Exercise prompt |
Write out the listing below in full and exactly, leaving out every picture.

Supplied information |

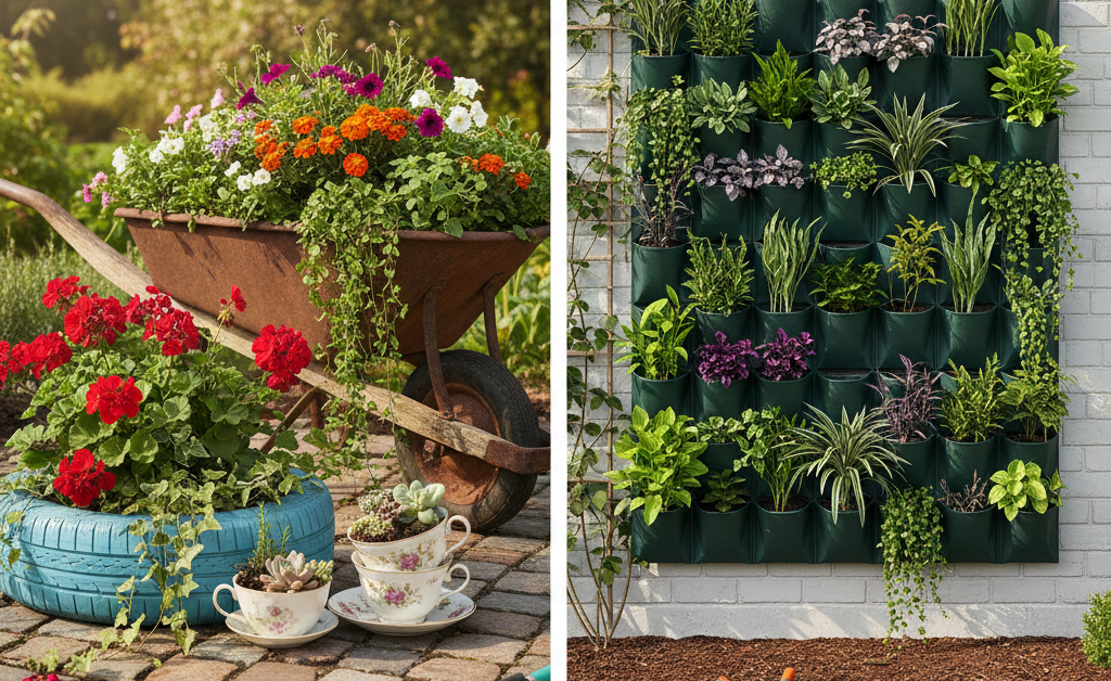 Think outside the box—old tires, teacups, or even wheelbarrows can be transformed into unique planters that tell a story and add a personal touch to your garden.
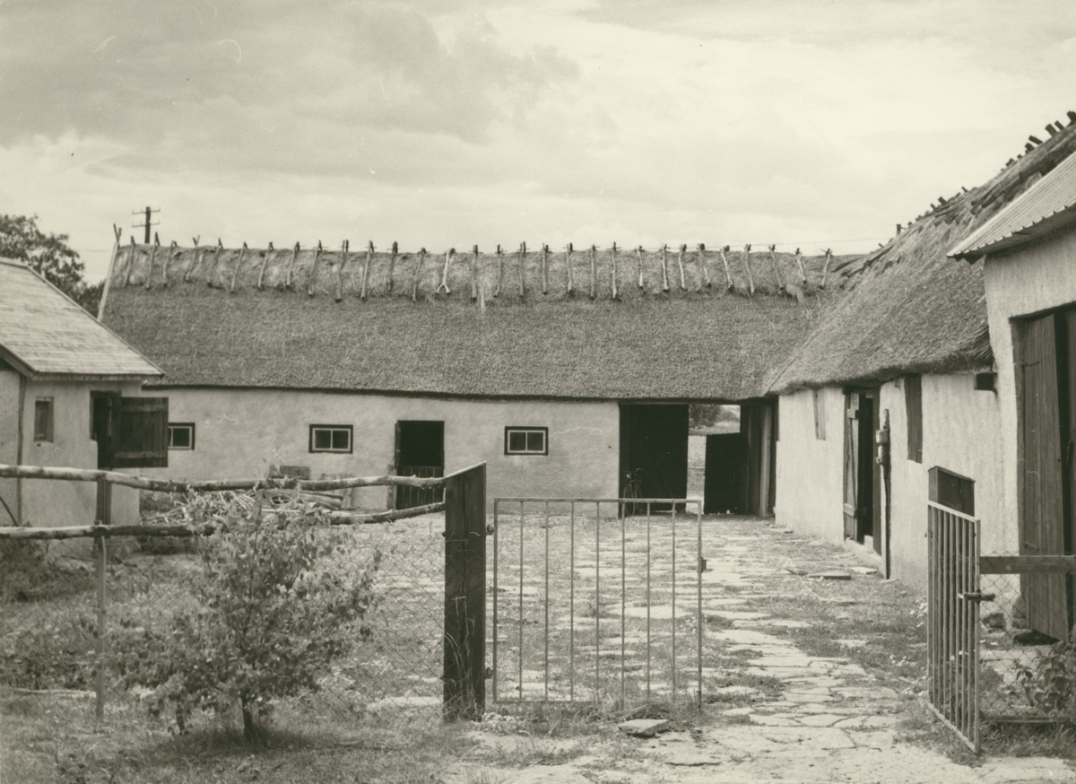 Ladugård med putsad fasad och stråtak i Eriksöre.
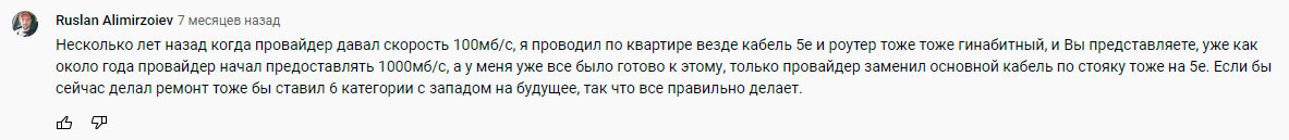 Кабель CAT5e в теории способен пропустить максимум до 1 Гбит/с, в реалиях не более 800 Мбит/с. И сегодня этого более чем достаточно.

Answer for this exercise |
 Think outside the box—old tires, teacups, or even wheelbarrows can be transformed into unique planters that tell a story and add a personal touch to your garden.
 Ladugård med putsad fasad och stråtak i Eriksöre.
 Кабель CAT5e в теории способен пропустить максимум до 1 Гбит/с, в реалиях не более 800 Мбит/с. И сегодня этого более чем достаточно.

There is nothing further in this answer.